Simplify: StartFraction x cubed plus 5 x squared minus 20 over x plus 3 EndFraction
Move values to the blanks to complete the equation.
Response area with 4 blank spaces
Blank space 1 empty
Blank space 5 empty
Blank space 7 empty
Blank space 8 empty
Answer options with 7 options.
StartFraction x cubed plus 5 x squared minus 20 over x plus 3 EndFraction = x(x squared + 5x - 20) / (x + 3)
To simplify the expression, we need to factor the numerator:
Numerator: x^3 + 5x^2 - 20
First, we can factor out the greatest common factor (GCF), which is x:
Numerator: x(x^2 + 5x - 20)
Next, we can factor the quadratic expression inside the parentheses using the product-sum method or by applying the quadratic formula. The factored form is:
Numerator: x(x + 10)(x - 2)
Therefore, the simplified expression is:
StartFraction x(x + 10)(x - 2) over x + 3 EndFraction
To simplify the given expression, we need to factor the numerator and then cancel out the common factors.

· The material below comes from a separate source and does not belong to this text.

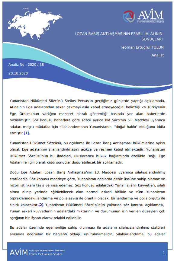 "LOZAN BARIŞ ANTLAŞMASININ ESASLI İHLALİNİN SONUÇLARI" BAŞLIKLI MAKALE -

The numerator of the expression is x^3 + 5x^2 - 20. Let's factor it:
x^3 + 5x^2 - 20 = x^2(x + 5) - 4(x + 5) = (x^2 - 4)(x + 5)
Now we can rewrite the expression as:
StartFraction (x^2 - 4)(x + 5) over x + 3 EndFraction
To move values to the blanks and complete the equation, we can rewrite the expression as:
StartFraction x^2 - 4 over x + 3 EndFraction * {Blank Space}
To simplify further, we can factor x^2 - 4 as a difference of squares:
x^2 - 4 = (x - 2)(x + 2)
Now the expression becomes:
StartFraction (x - 2)(x + 2) over x + 3 EndFraction * {Blank Space}
At this point, it seems that there might be a mistake in the question as there are extra blank spaces and answer options provided. Without further information, it is not possible to determine the intended completion of the equation or the available answer options.